Какое счастье – не идти пешком! Мимо берега проплывали, Алексей возлежал на носу судна, над ним холщовый навес, как защита от солнца и брызг. Кормили два раза в день – утром и вечером, готовя немудреную еду в котле на костре, все равно на ночной стоянке стоять. Дневное время экономили, весь путь приходилось встречное течение Волги, а затем Оки и Москвы-реки преодолевать. В помощь ветру, не всегда попутному, на весла садились корабельщики. Под команду кормчего дружно опускали весла в воду.
– И – раз, и – раз! – разносилось над водой.
Алексей знал, что в южных морях давно использовали косые паруса, позволявшие идти под встречным ветром галсами. А на Руси все еще использовали прямые. И только после вояжа посольства Петра многое в судоходстве изменилось.
Без одного дня две недели на плавание ушло, Алексей сошел на берег в пригородах, где купец причалил у складов. Оно и лучше, пройдется, город посмотрит. Время к вечеру, хотелось есть, а еще где-то ночевать надо. Денег нет совсем, даже за ночлежку для всякого отребья полушку берут, так и той нет.

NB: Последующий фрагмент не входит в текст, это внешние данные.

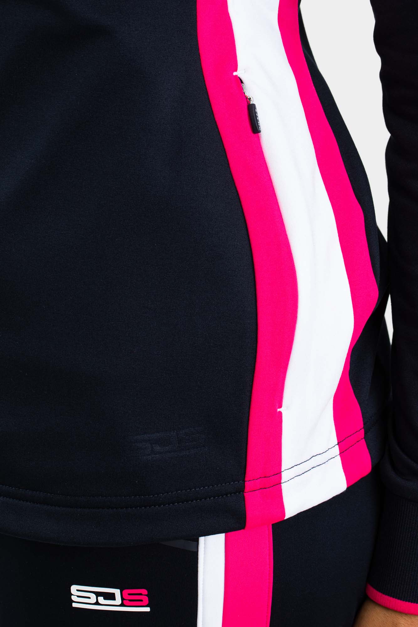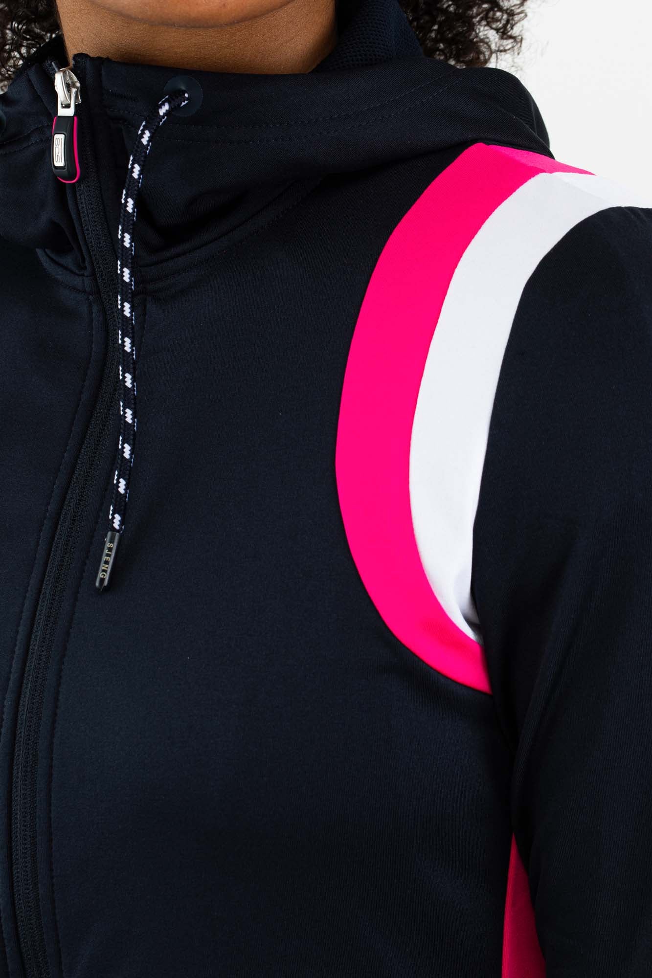 Trendy dames hoody van donkerblauw powerstretch materiaal met opvallende contrasterende strepen in wit en roze. Deze hoody heeft steekzakken met verborgen ritsen. Een fijn jack om in te trainen maar ook om gewoon in je vrije tijd te dragen.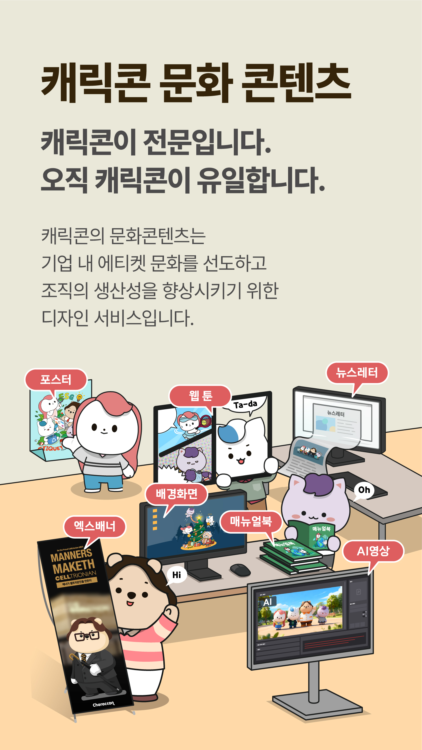 포스터·웹툰·매뉴얼북으로 당신의 조직이 전하고 싶은 메시지를 문화로 만듭니다.

Прошелся по городу. Не первый взгляд, ничего не изменилось. Помог две телеги с мукой у амбаров разгрузить, за что получил копейку. Сразу на постоялый двор пошел, перекусил, желудок уже сосал. Утолив голод, направился к Языкову. Все же рядом стояли за царским троном. Где дом его расположен, помнил. Слуга-привратник долго пускать не хотел.
– Ты хоть знаешь, чей это дом?
– Знаю. Ты доложи только – Терехов Алексей поговорить хочет.
Слуга калитку обочь ворот закрыл, во двор не впустил. А вернувшись, сказал:
– Господин мой гнать тебя в шею велел. С трусами ему разговаривать не о чем.
Конечно, не распростертых объятий Алексей ждал, но поговорить-то Языков мог, ничем не рискуя. Или уже прознал, что Алексей из ссылки сбежал, не захотел общаться с беглым преступником, чтобы гнев государя на себя не навлечь? Видимо, нет у Алексея в первопрестольной знакомцев, желающих оказать помощь в трудную минуту. Пристанище на ночь нашел у рыбаков в шалаше на берегу реки на окраине столицы. Вопросов там не задавали, даже миску ухи налили, а утром кусок лепешки дали. Алексей понял: без денег, без еды и какого-нибудь угла на ночь он долго не протянет. Поплелся на торг, где был угол с ремесленниками, продающими свои руки: плотниками, каменщиками, амбалами. Кому какие-то работы нужны были, шли сюда. Алексей поспрашивал – где печники, ему показали. К мастеровым люди подходили, договорившись, уходили вместе. И Алексея наняли – голландку сложить в богатый дом. В доме он еще не был, но оценил возможности хозяина по одежде слуги. Осмотрел комнату, где печь класть надо.
– А материалы где?
– Кое-что на заднем дворе лежит, я покажу.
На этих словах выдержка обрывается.